Еще не достигнув кустов ежевики, Мари по доносящимся из лачуг причитаниям понимает, что вилланка скончалась. Быть может, лишиться одной, чтобы спасти многих, не такая уж великая жертва. И все же ненужная смерть камнем ляжет на душу Мари, ей ли не знать, что детей, так рано лишившихся матери, не утешить ничем. Что ж, она сделает все, что в ее силах. Старшие девочки станут облатками, младших заберет сестра покойной. Женщины всей округи будут рассказывать истории – подруга подруге, служанка служанке, госпожа госпоже, – истории эти распространятся на юг и на север острова, истории преобразятся в легенды, а легенды послужат поучительными притчами, и самая убедительная из них станет ее монахиням двойной защитой.
4
Миновала крещенская октава[28].
Мир облекся тонким блестящим льдом толщиной с большой палец. Ветер дует ножами холода.
Мари в одиночестве мерит стремительными шагами клуатр, раздумывая на ходу. Она протоптала на льду черную тропку.
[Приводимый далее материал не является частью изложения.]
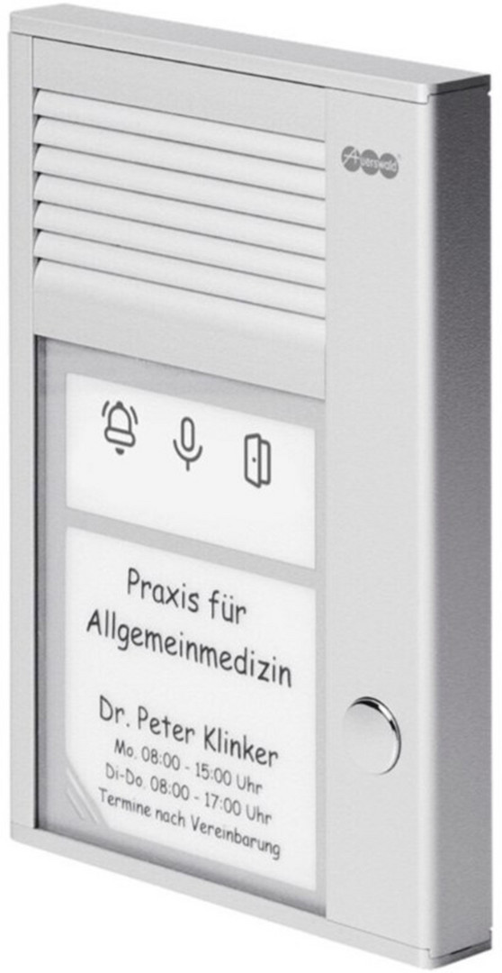 Produkttyp: Türstation, Anzahl Wohneinheiten: 1, Einbauort: Außenbereich, Montageart: Aufputz, Materialien: Kunststoff, Metall, Farbe: silber, Bildübertragung: nein, Nachtsichtfunktion: nein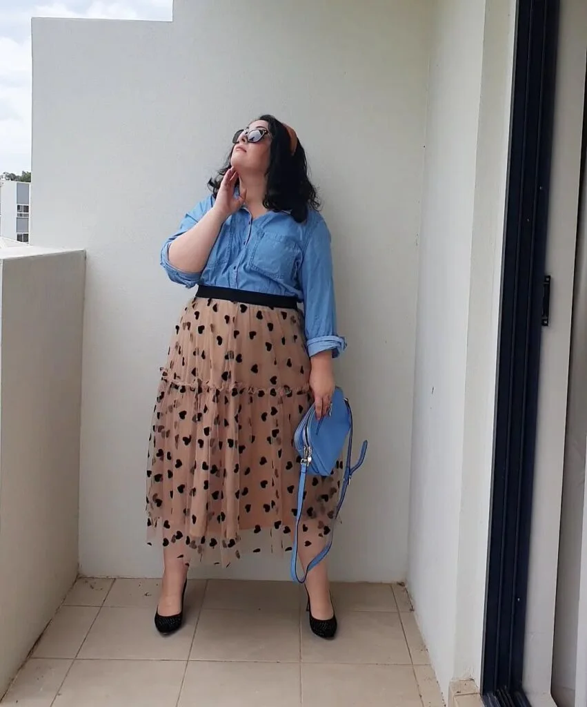This plus size dinner date night outfit combines playful charm with classic style. The light denim shirt, worn tucked in, creates a casual yet polished upper half.

Все монахини заняты делом. В лазарете Нест и Беатрикс, новициатка, которую Нест обучает премудростям врачевания, толкут в огромной ступе целебные травы. Беатрикс приехала в обитель после Дня всех святых, и с тех пор меж нею и Нест разворачивается нечто без слов. Обе уверены, что никто не замечает, но от глаз Мари не укрывается ничего. Ее греет и душит осознание того, что скоро лекарка из-за сердечной привязанности положит конец высвобождению телесных гуморов у прочих монахинь, и лишенных облегчения Эльфгифу, Мари и неизвестных прочих, кто тайком навещает Нест, вновь ожидают телесные страдания. Мари заранее горюет.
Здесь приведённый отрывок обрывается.